Aesthetics of Glitch

In response to yesterday’s post on databending, someone asked me, “Aren’t you just creating noisy files?” Perhaps. But as Cage would argue, there’s beauty in the noise, and that’s precisely the appeal.

When you open an image in a text editor, the editor will display the raw data of the image file, usually using ASCII or UTF characters. Each character of the code stands for a series of binary inputs that allows the computer to read and display the image file, but to the average user, it’s gobbledygook.

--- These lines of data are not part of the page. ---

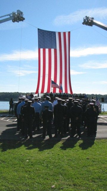 In Ulster County, police and first responders held ceremonies in Kingston and Ulster to honor and remember the victims of 9/11. In the photo above, Ulster County sheriff's deputies, New York State troopers, and firefighters from several local companies gather on the bank of the Hudson River in the town of Ulster.
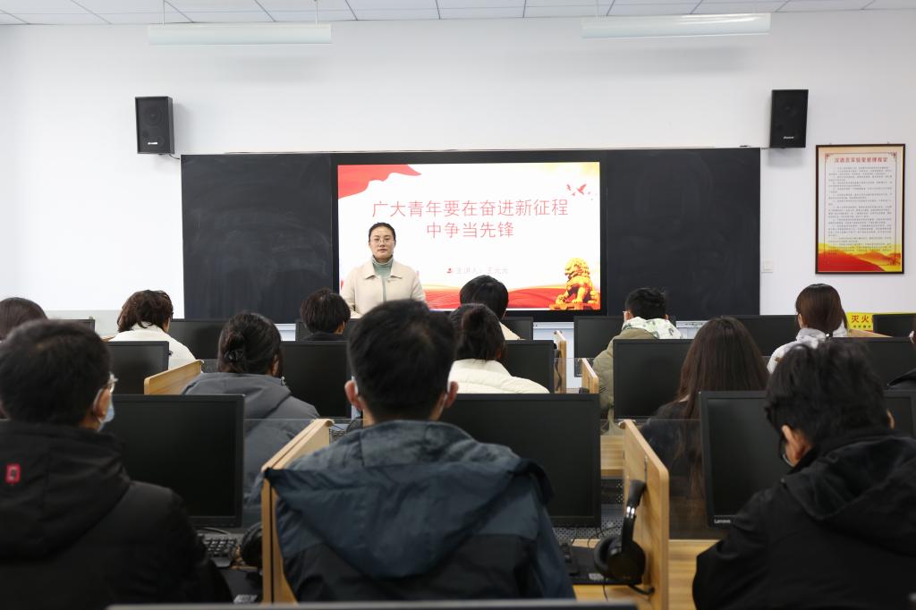 永利yl23411集团团总支书记王元元,以“广大青年要在奋进新征程中当先锋”为题,讲解了在政治方面,要争做具有远见卓识、政治信仰的青年;在精神方面,要争做敢于斗争、不怕牺牲的青年;在格局方面,要争做胸怀坦白、忠诚于党的青年;在利益方面,要争做不谋私利,集中力量为民族与社会谋解放的青年;在行动方面,要争做不畏艰难、脚踏实地的青年。她强调广大青年团员要树立远大理想,争做带头模范,勤奋学习,锐意进取,不断提高自身综合素质,努力成为德智体美劳全面发展的社会主义建设者。
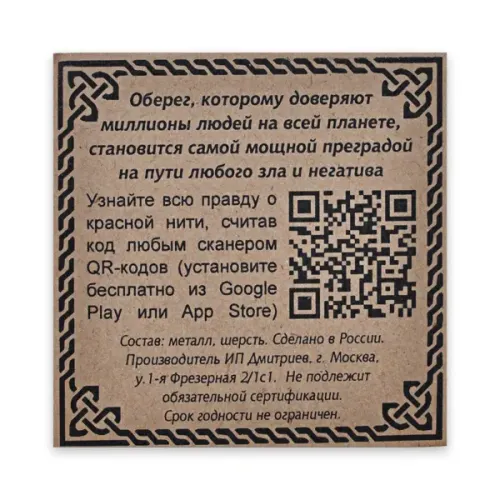 - В комплект входит вкладыш с описанием, который расскажет о значении оберега.
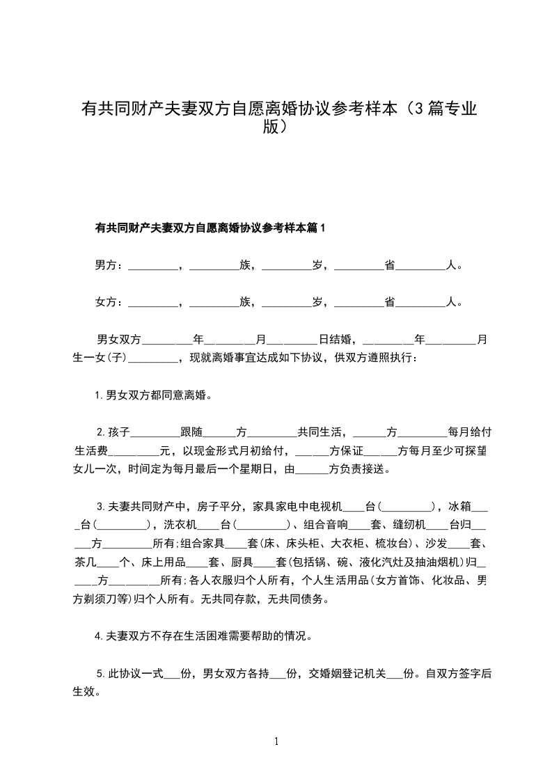 一、__________与__________自愿离婚。
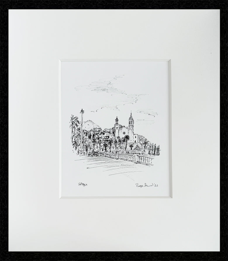 Capture the charm of the beautiful Spanish coastal town of Sitges with this original ink drawing. This artwork beautifully depicts the essence of this vibrant Mediterranean destination.
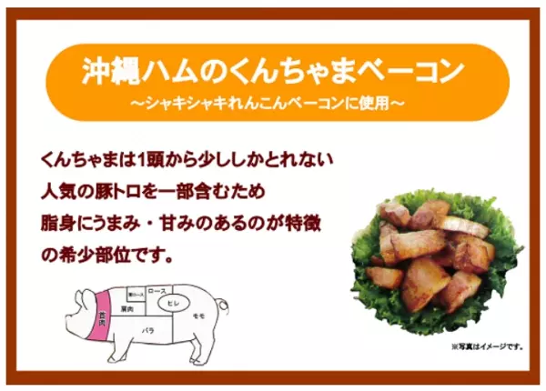 「シャキシャキれんこんベーコン~からしマヨ風味~」(230円)は、脂身の旨みと甘みが特長の「くんちゃまベーコン」を使用。
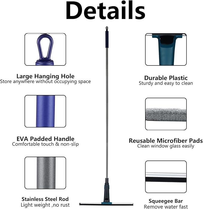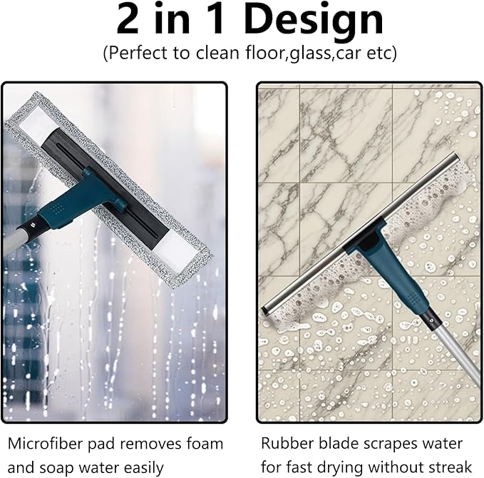 - DUAL-PURPOSE FLOOR & WINDOW CLEANER: This professional squeegee with a durable recycled handle works equally well on tile, concrete, and marble floors, as well as high windows, car glass, doors, and other surfaces
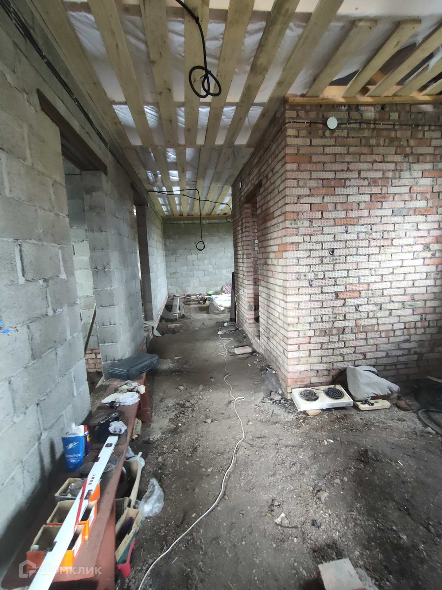 Дом построен из качественного материала в основании ленточный фундамент , стены возведены из двойного шлакоблока благодаря которому вам не нужно дополнительно его утеплять с наружи. Проведен свет , имеется скважина на 10 м, газ не заведен.
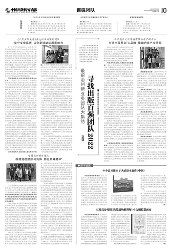 中国出版传媒商报近年持续发起“寻找出版百强团队”推展活动,希望通过挖掘和点亮出版行业中的优秀品牌和团队,让更多在书业耕耘的具有创新力、创造力和执行力的战队,从幕后走到台前,分享制胜法宝和技能。
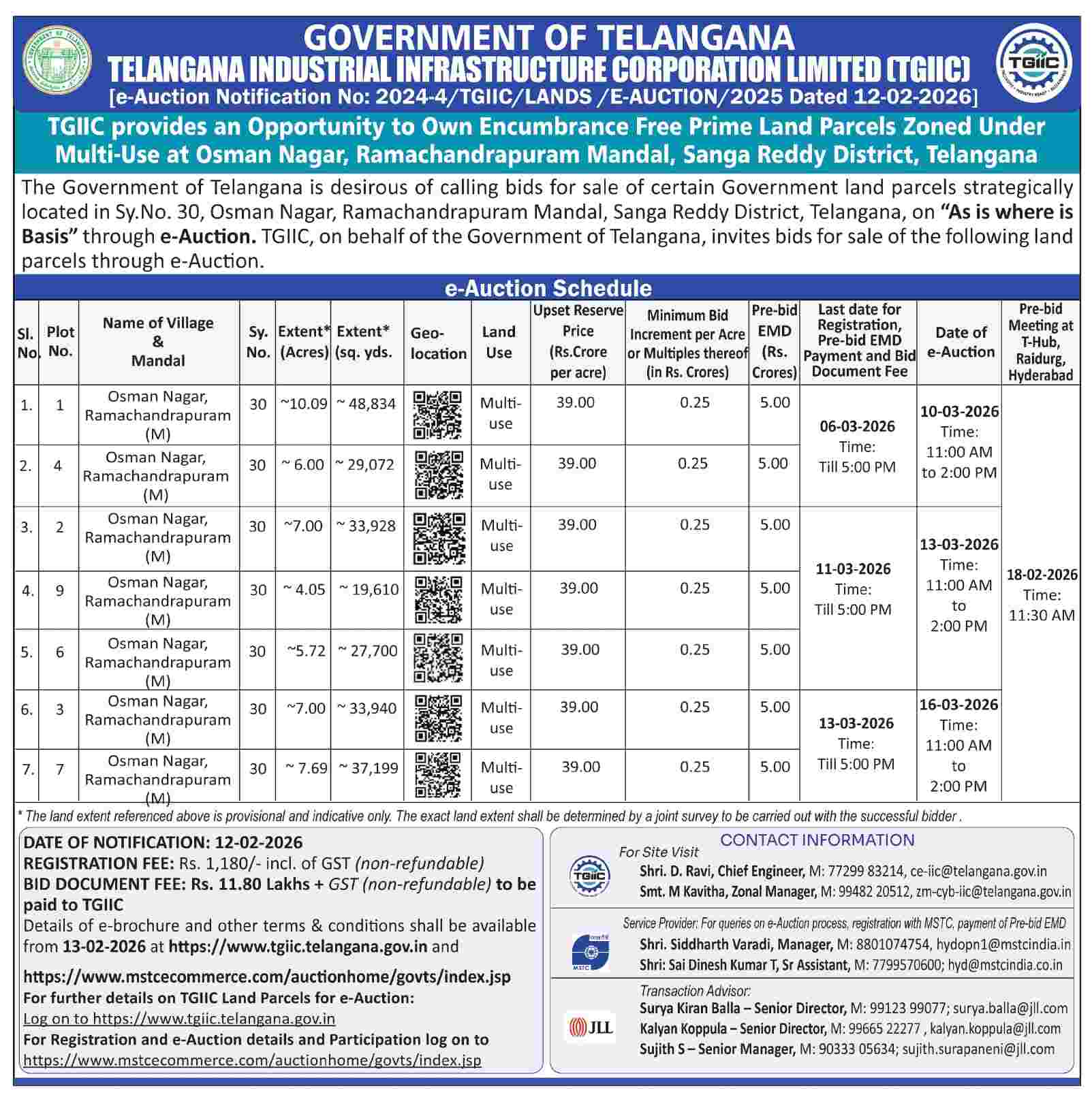 The Telangana government, through the Telangana Industrial Infrastructure Corporation Limited (TGIIC), has invited online bids for the e-auction of 47.75 Acres of government land in the multi-use zone at Osman Nagar, Ramachandrapuram mandal, Sangareddy district. The land is being offered on an “as is where is” basis and is free from disputes, officials said.
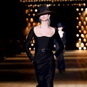 There was also a series of very 1980s-inspired dresses, with asymmetric cuts and standout shoulders. Big hats, as well as headscarves and turbans so dear to the label’s founder, Yves Saint Laurent, also featured on the runway show.
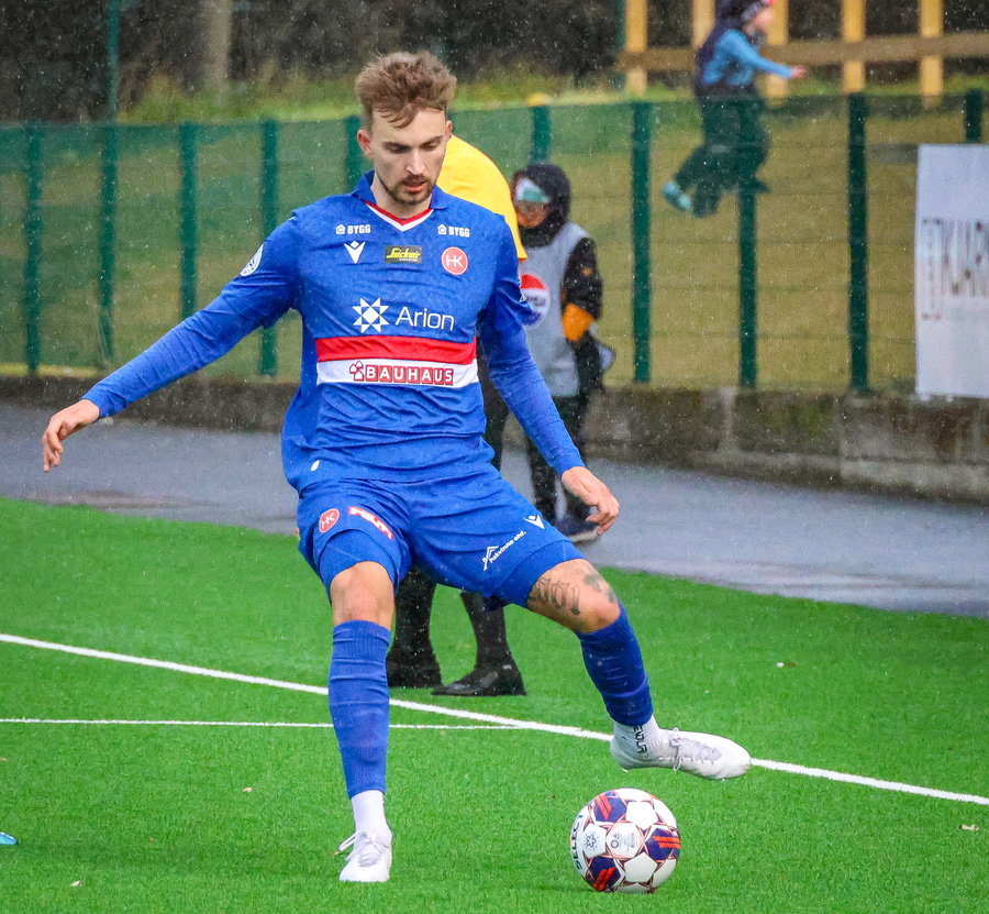 HK fær aukaspyrnu í fyrirgjafastöðu. Birnir Breki liggur niðri og þarfnast aðhlynningar.
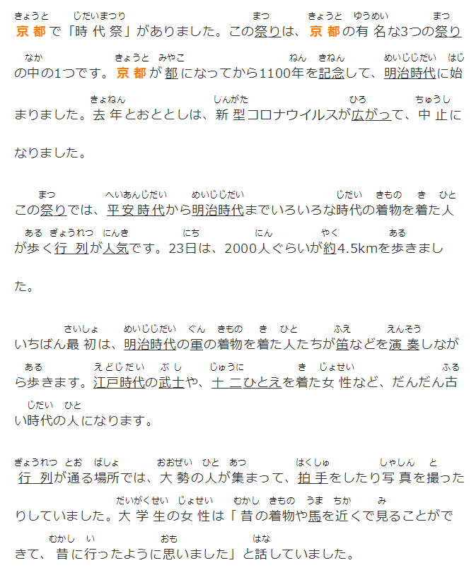 京都で「時代祭」がありました。この祭りは、京都の有名な3つの祭りの中の1つです。京都が都になってから1100年を記念して、明治時代に始まりました。去年とおととしは、新型コロナウイルスが広がって、中止になりました。
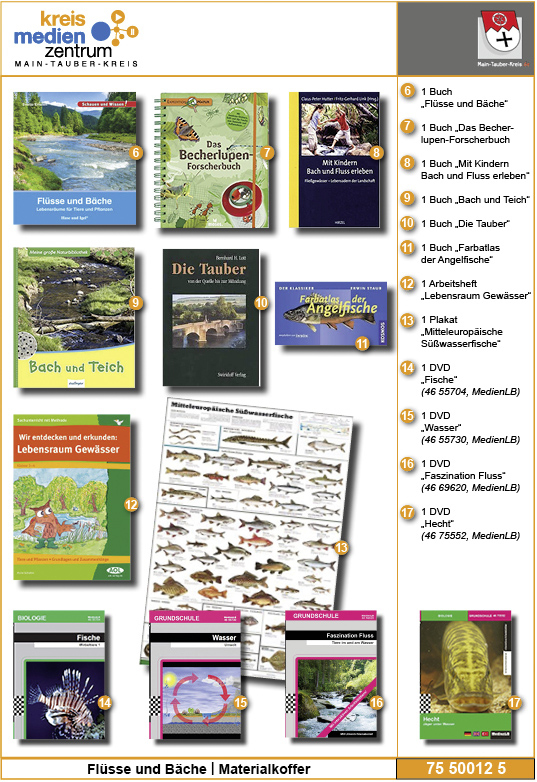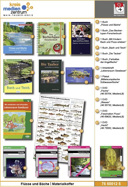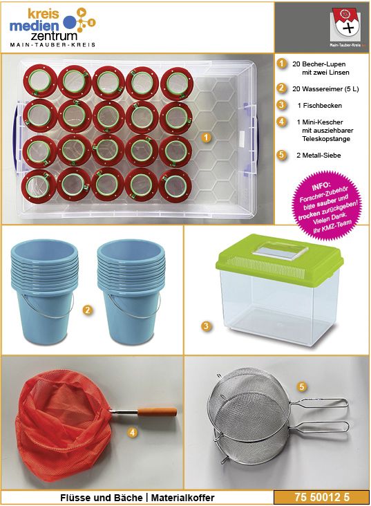 Der Materialkoffer besteht aus: 1.) Medienbox: - 1 Buch „Expedition Natur. Das Becherlupen-Forscherbuch: Aktiv die Natur entdecken!“ - 1 Buch „Meine große Naturbibliothek: Bach und Teich“ - 1 Buch „Mit Kindern Bach und Fluss erleben: Fließgewässer – Lebensadern der Landschaft“ - 1 Buch „Schauen und wissen!: Flüsse und Bäche – Lebensräume für Tiere und Pflanzen“ - 1 Buch „Die Tauber – von der Quelle bis zur Mündung“ - 1 Buch „Farbatlas der Angelfische“ - 1 Arbeitsheft „Wir ebtdecken und erkunden: Lebensraum Gewässer“ - 1 Plakat „Mitteleuropäische Süßwasserfische“ - 1 DVD „Faszination Fluss – Tiere im und am Wasser“ (MedienLB 46 69620) - 1 DVD „Wasser – Umwelt“ (MedienLB 46 55730) - 1 DVD „Fische – Wirbeltiere 1“ (MedienLB 46 55704) - 1 DVD „Hecht – Jäger unter Wasser“ (MedienLB 46 75552) 2.) Forscher-Zubehör: - 1 Mini-Kescher mit ausziehbarer Teleskopstange - 2 Metall-Siebe - 1 Fischbecken - 20 Becher-Lupen - 20 Wassereimer - 1 Pinzette
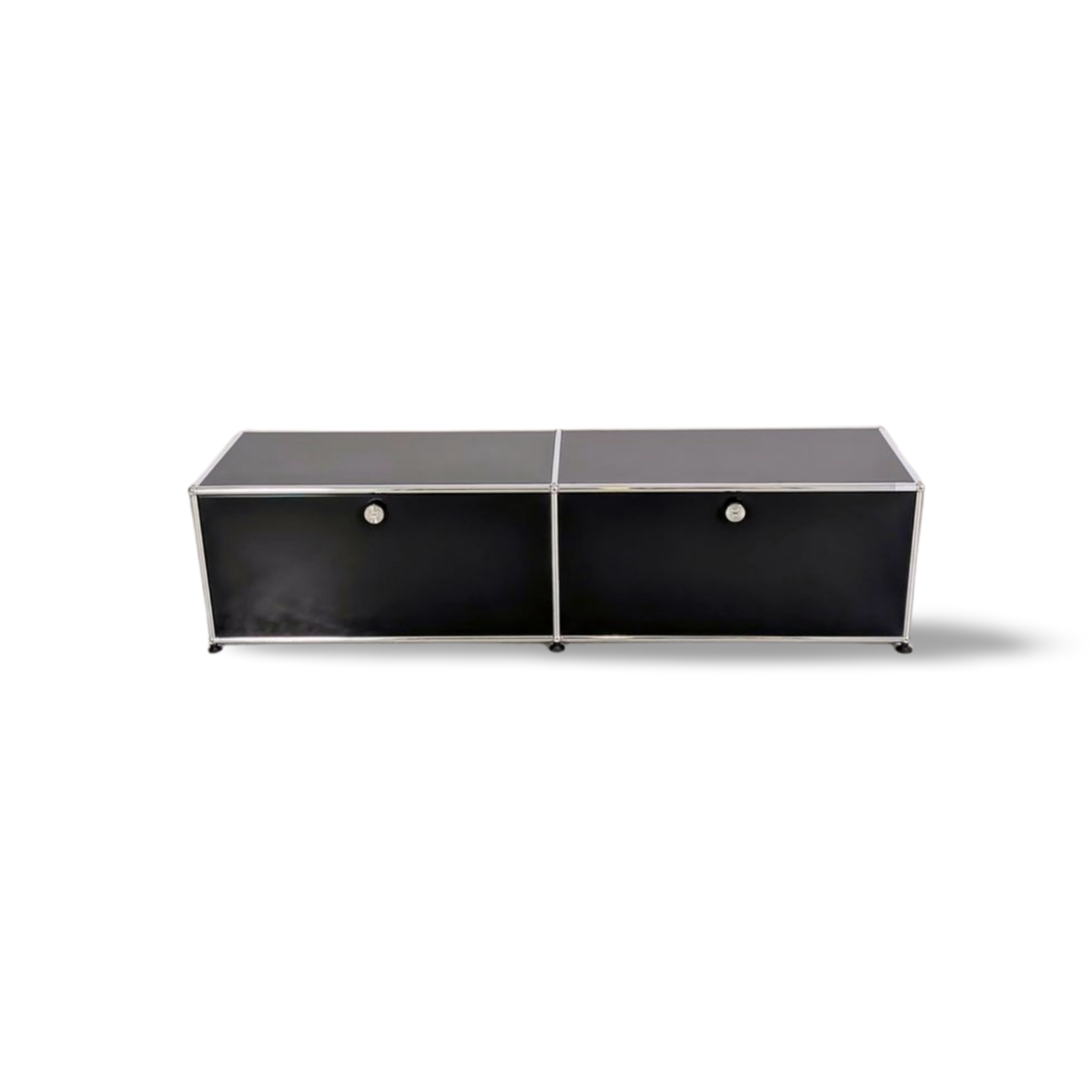 Wir bieten ein wunderschönes USM Haller Lowboard in der sehr begehrten Ausführung in schwarz zum Verkauf an. Das Board verfügt über zwei sich nach unten öffnende Klappen und kann ideal als TV-Board oder kleine Anrichte genutzt werden.

Much of the experimentation I’ve been doing with databending attempts to replace the illegible code with words that we understand. The computer is still not reading the words for any meaning (like a programming language) but rather as a string of characters with each character providing instructions, just as it would with the symbols we replaced.

Sure, there is a case here for phantom signifiers, and the separation of signifier from signified; the computer and I are not “communicating” despite using the same signifiers, but I’m not interested in that. Other generative forms are already exploring the separation of word and meaning and the beauty of typeface as visual art. Those ideals might factor in, but my focus is instead on finding connections, not dissociations. What are the connections between the original image, and the words I’ve placed into the code? Is the code more interesting because of it? Have I removed something from the code and to what significance? Finally, how do the mood and aesthetics of the new image fit with the mood and aesthetics I’ve imparted into the code?

The process of (re)placement is what gives the work meaning.

The image avove is interesting for it’s color and texture. It’s more interesting when you see the original, and even more interesting when you know that I came to the glitched version by replacing symbols $,¢,®, and © with lines from Elliot: “THIS IS THE WAY” “THE WORLD ENDS” “NOT WITH A BANG” “BUT A WHIMPER” respectively. The glitched image is merely an artifact for the real meaning, which is the act of deliberately chosen character replacement.

Is the code noisy? Yes. But we now have a work that we can judge against some of the critical practices of poetry. We have language emerging from noise: repetitive, chaotic, and beautiful. We have not ignored the words’ signified meaning, but rather used those connotations to enrich the process.